My suggestion is that just as web spiders can find a robots.txt file
(telling the spider what is or is not OK to search) on a webserver, so
should an email querying a mailing list server for their policy find a
policy document. The web query is done with HTTP, the email query would be
done with SMTP. I thought my suggestion of a "similar system" (and not the
"same system") made that clear. Also that I suggested that the data could
be had in TWO ways (method A, method B). Method A is SMTP
I *also* suggested that if the mailing list server has an associated
website, that the policy be available on the website (method B). I never
said this should be required, or suggested that it should be the only
method of finding the policy. It does so happen, though, for mailing lists
that have websites, that making this policy available thru the website
would make it more easily found for PEOPLE who want to know what the policy
happens to be. Most people are much more adept at going to the list server
webpage and clicking on the various links than they are at sending email
queries to the mail server.
>violates the above models. Adding robots.txt as a
>pre-subscription check violates the above models for both "spider" and
>list server as well. Adding a flag header to the subscribe handshake
>requires no structural changes to the "spider" and damned close to no
>changes to the list server (which already sends those messages with
>custom content etc anyway).
>> Here is the meta tag format that tells all caches on the Internet not
>> to cache your webpage:
>> <META NAME="ROBOTS" CONTENT="NOARCHIVE">
>> Here is the format if you want to just specify no archive by google
>> <META NAME="GOOGLEBOT" CONTENT="NOARCHIVE">
>> This is not hard. This WORKS.
>Actually, it works rather poorly
The googlebot extension was apparently created by Google to allow webpages
to exclude this one specific cache while permitting other caches to cache
the page (and visa-versa), and it works PERFECTLY. IMHO it's a much more
elegant solution than Deja's x-no-archive hack.

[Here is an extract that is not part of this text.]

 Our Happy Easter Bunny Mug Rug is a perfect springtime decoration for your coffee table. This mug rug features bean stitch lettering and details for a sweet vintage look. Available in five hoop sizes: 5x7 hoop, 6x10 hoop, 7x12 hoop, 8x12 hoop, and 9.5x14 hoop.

>and is *very* non-standardised.
The meta tag format for indicating cachability of a webpage in general was
covered in depth in section 14.9 (cache-control) of RFC 2616 (HTTP 1.1)
which makes it standardized in my book. My experience has been that most
caches comply with these tags quite well.

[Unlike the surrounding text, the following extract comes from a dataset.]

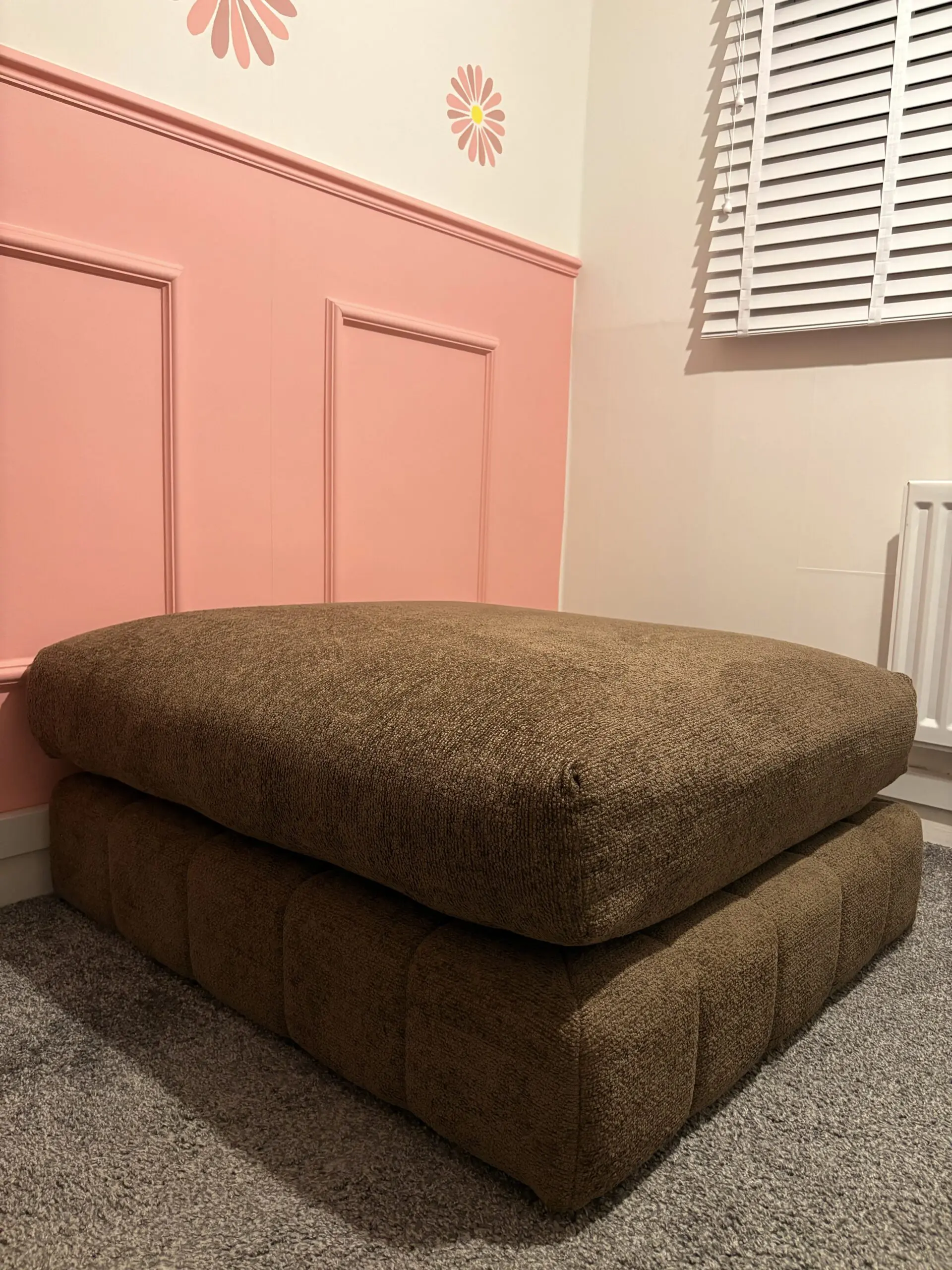 Sofology The Westwood footstool in the colour Soft Boucle Bark All Over.

>Yes, it might work with one cache, but your bets across the wider range of
>caches out there are damned low probability.
Yes, some web caches ignore the standard meta tag (also found at the URL I
cited and you snipped) that no cache should ever cache the page. This
doesn't mean the system is broken, it means that those caches are
broken. You don't fix that by changing the system (using some other method
of determining if caching is OK or not), but by fixing the broken caches
that ignore the meta tag that says to not cache.